Turning one person’s waste into another’s treasure

Friday, 01 October, 2010

South East Water is putting a new twist on the well-known idiom “one person’s trash is another’s treasure” through an innovative pilot project that will help industrial Port Melbourne customers play a greater role in managing their place in the water cycle - recycling their wastewater into another’s resource for use during the manufacturing process.

As part of a memorandum of understanding with the Environment Protection Authority (EPA) and Sustainability Victoria, South East Water will partner with industrial customers in the Port Melbourne area to identify industrial ecology opportunities, or new options for water and trade waste re-use and reduction.

The Port Melbourne Industrial Ecology Project will see industrial customers in the area work together to identify ways to share water or engage in water transfer processes.

The partnership aims to demonstrate the social, financial and environmental benefits of industrial ecology, a rapidly evolving field of public practice which engages traditionally separate industries to collaborate in exchanges of water, materials, energy or by-products.

“The Victorian water industry faces a key challenge of ensuring water savings remains important to industrial customers,” said Vanessa Lenihan, South East Water Technical Services Manager, Trade Waste.

“Industrial ecology plays an important role in water reduction and re-use, enabling one company’s unwanted by-products to become another’s sought-after resource.”

The Port Melbourne Project is currently in testing stage, with South East Water playing a lead role in developing strategies for water transfer, to generate potential resource savings.

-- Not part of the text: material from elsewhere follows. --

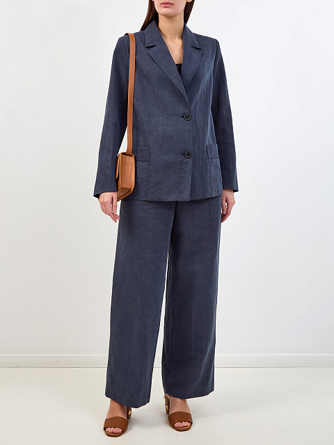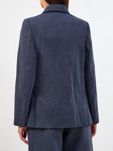 Однобортный жакет из окрашенного вручную хлопка и льна

The Port Melbourne initiative is part of South East Water’s wider Industrial Ecology Program, the first of its kind by a water retailer in Australia, which aims to help high industrial water use customers look beyond company boundaries when looking at opportunities for resource reduction and re-use.

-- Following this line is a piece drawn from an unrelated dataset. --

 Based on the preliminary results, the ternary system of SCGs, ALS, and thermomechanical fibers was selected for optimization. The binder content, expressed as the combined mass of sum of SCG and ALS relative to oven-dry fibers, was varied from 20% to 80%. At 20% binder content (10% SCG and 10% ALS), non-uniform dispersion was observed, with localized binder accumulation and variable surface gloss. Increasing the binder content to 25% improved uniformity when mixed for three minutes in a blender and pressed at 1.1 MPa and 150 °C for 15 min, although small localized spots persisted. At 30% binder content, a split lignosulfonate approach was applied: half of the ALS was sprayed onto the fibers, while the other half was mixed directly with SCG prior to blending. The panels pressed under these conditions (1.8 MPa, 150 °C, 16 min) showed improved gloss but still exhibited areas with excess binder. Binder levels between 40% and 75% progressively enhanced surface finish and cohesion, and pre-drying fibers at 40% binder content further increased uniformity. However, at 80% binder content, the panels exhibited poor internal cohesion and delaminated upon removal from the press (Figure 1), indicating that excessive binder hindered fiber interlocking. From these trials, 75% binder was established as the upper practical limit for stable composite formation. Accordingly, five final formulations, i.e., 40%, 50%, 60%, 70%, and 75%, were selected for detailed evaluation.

Established in June 2009, the program is already looking at six additional potential industrial ecology clusters throughout South East Water’s region, and work is currently underway to identify future water-sharing projects.

Lenihan said, “Our hope is that projects like these will open up further opportunities for industrial ecology throughout Victoria.”

The Port Melbourne Industrial Ecology Project is expected to be implemented within the next two years.